I know others absolutely love the Monarch.  I wish I could be persuaded to give it another try.


----------



## ScubaKat (Feb 17, 2015)

Thanks for the review of the resorts!  We have been lucky in trading into Grande Ocean for the last couple of summers through II relatively last minute.  This year after selling back one of our Marriott weeks and grabbing weeks for Christmas and Spring break being on a school schedule now.. we were out of Marriott weeks to trade for the summer.. I was matched with Monarch through RCI for July! :whoopie::whoopie:  I had hesitated taking it but figured couldn't go wrong with a Marriott on HHI.


----------



## jont (Feb 18, 2015)

Thank you for the great report. I have been looking forward to reading about your HHI mega stay since you first posted about it several months ago. Although I have visited all the Marriotts on HHI, I have only been able to stay at half of them but I am slowly working my way down the list. Harbor Pointe is coming up this spring. I am also glad you were able to meet and share a meal with Marty and his lovely wife Mona.

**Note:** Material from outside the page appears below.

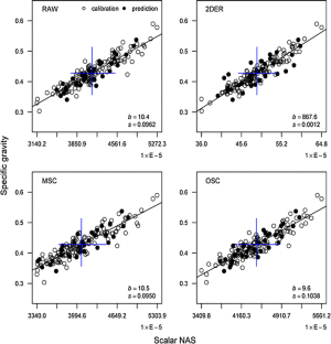 Near infrared diffuse reflectance was used for the determination of specific gravity in green Pinus taeda L. wood samples representing simulated increment cores obtained at breast height and merchantable green logs. The effects of using three pre-processing methods (second derivative, multiplicative scatter correction, and orthogonal signal correction) to reduce the scatter observed in the original spectra were evaluated. The effectiveness of each method was assessed in terms of the average predictive ability of the models and in terms of multivariate figures of merit derived from net analyte signal theory. Specific gravity was successfully modeled using green wood samples. No differences in predictive ability among models were found, although more parsimonious regressions were obtained using transformed spectra. The incorporation of figures of merit for the characterization of calibration models proved to be a valuable tool for understanding the effects of the pre-processing alternatives on the final results.
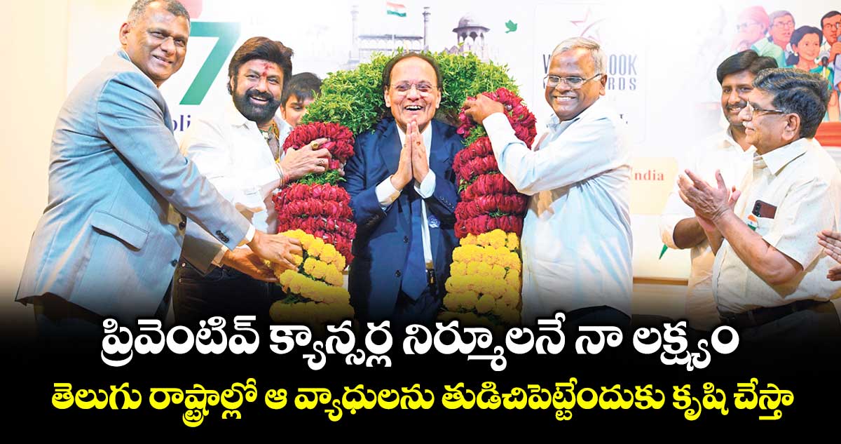హైదరాబాద్, వెలుగు: కొన్ని రకాల క్యాన్సర్లను టీకాలతో నివారించవచ్చని, అలాంటి వ్యాధులను నిర్మూలించడమే లక్ష్యంగా పని చేస్తానని ప్రముఖ ఆంకాలజిస్ట్, పద్మభూషణ్ విజేత డాక్టర్ నోరి దత్తాత్రేయుడు అన్నారు. నివారించదగ్గ క్యాన్సర్ వ్యాధులను తెలుగు రాష్ట్రాల నుంచి పూర్తిగా తుడిచిపెట్టేందుకు కృషి చేస్తానని చెప్పారు. 77వ రిపబ్లిక్ డే సందర్భంగా సోమవారం హైదరాబాద్ లోని బసవతారకం ఇండో అమెరికన్ క్యాన్సర్ హాస్పిటల్ లో జరిగిన వేడుకల్లో డాక్టర్ నోరి పాల్గొన్నారు. కేంద్ర ప్రభుత్వం తనకు పద్మభూషణ్ అవార్డును ప్రకటించిన నేపథ్యంలో ఆయన మీడియాతో మాట్లాడారు.

They are truly two of the nicest people i have had the good fortune of meeting. And Marty is the de facto expert on HHI dining. When Marty speaks (about HHI resturants), people listen. Thanks once again for the great report Boca. Well done.


----------



## jme (Feb 18, 2015)

jont said:


> Thank you for the great report. I have been looking forward to reading about your HHI mega stay since you first posted about it several months ago. Although I have visited all the Marriotts on HHI, I have only been able to stay at half of them but I am slowly working my way down the list. Harbor Pointe is coming up this spring. I am also glad you were able to meet and share a meal with Marty and his lovely wife Mona. They are truly two of the nicest people i have had the good fortune of meeting. And Marty is the de facto expert on HHI dining. When Marty speaks (about HHI resturants), people listen. Thanks once again for the great report Boca. Well done.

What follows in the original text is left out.